When there’s an error, {tamper} highlights the problematic line with an arrow. Typing ‘0’ will exit the {tamper} report; ‘1’ switches you back to the stack trace; ‘2’ will enter debug mode. Here’s how that looks in the console at first:

## Error in mean(Sepal.Girth) : object 'Sepal.Girth' not found
## 
## Enter 0 to exit or choose:
## 
## 1:    Switch mode
## 2:    Take me to the error
## 
## 3:    penguins %>%
## 4: ->   filter(., Species %in% c("Adelie", "Chinstrap")) %>%
## 5:      group_by(., species) %>%
## 6:      summarise(., mean_length = mean(bill_girth, na.rm = TRUE)) %>%
## 7:      mutate(., mean_length = round(mean_length))
## 
## Selection:

2b. {pipecleaner}

The {pipecleaner} package by Edward Visel is another RStudio Addin available on GitHub. It has the best name.
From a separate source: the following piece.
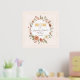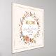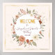 Une belle Affiche de bienvenue Mariage personnalisée avec les noms, l'événement et la date du couple. Une chute douce, thème de couleur automne avec feuillage de feuilles botaniques et fleurs dans une couronne de style BOHO a été élégamment peint en aquarelle avec de véritables accents de feuille d'or par Audrey Jeanne Roberts, artiste et designer de renommée internationale. La couleur Arrière - plan peut être modifiée. Ambre chaleureux, vert sauge à la menthe douce, pêche, terre cuite et thème de couleur bordeaux. Droit d'auteur .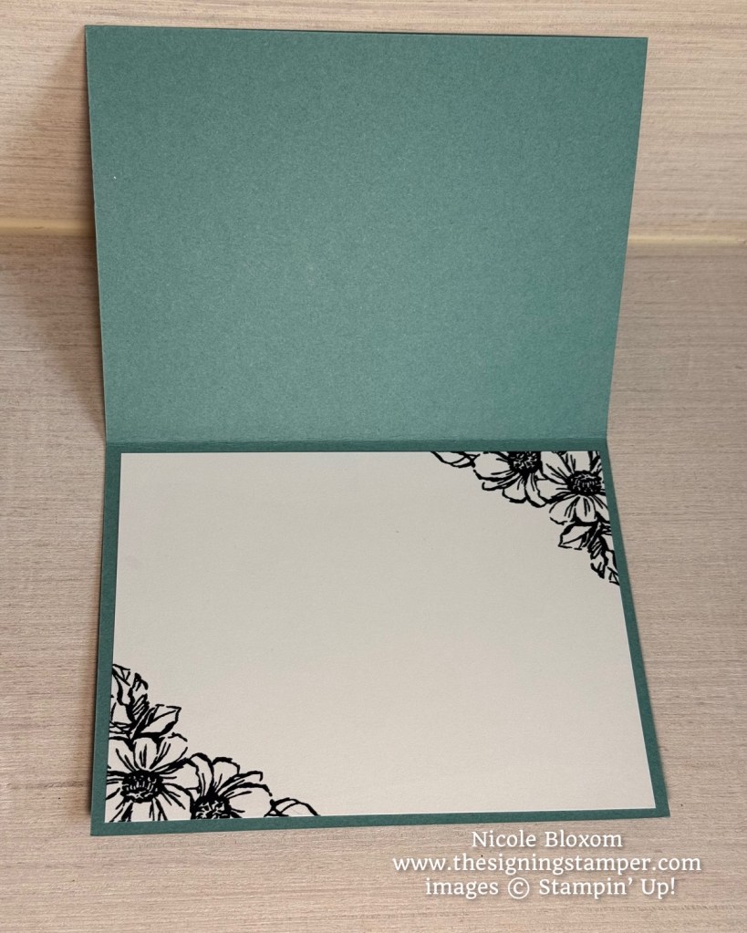 For inside, I stamped the 2-flower image in the corners of a Basic White panel before adhering.

You highlight your code and select ‘debug pipeline in browser’ from the RStudio Addins menu. This ‘bursts’ your pipeline to one intermediate object per function call, then opens the debug menu. You can also simply ‘burst pipes’ from the Addins menu without debug mode.

remotes::install_github("alistaire47/pipecleaner")
library(pipecleaner)

# Intact, original pipeline
peng_pipe <- penguins %>%
  filter(species %in% c("Adelie", "Chinstrap")) %>% 
  group_by(species) %>% 
  summarise(mean_length = mean(bill_length_mm, na.rm = TRUE)) %>% 
  mutate(mean_length = round(mean_length))

# Highlight the original pipeline and select 'debug pipeline in browser' or 
# 'burst pipes' from the RStudio Addins menu
dot1 <- filter(penguins, species %in% c("Adelie", "Chinstrap"))
dot2 <- group_by(dot1, species)
dot3 <- summarise(dot2, mean_length = mean(bill_length_mm, na.rm = TRUE))
peng_pipe <- mutate(dot3, mean_length = round(mean_length))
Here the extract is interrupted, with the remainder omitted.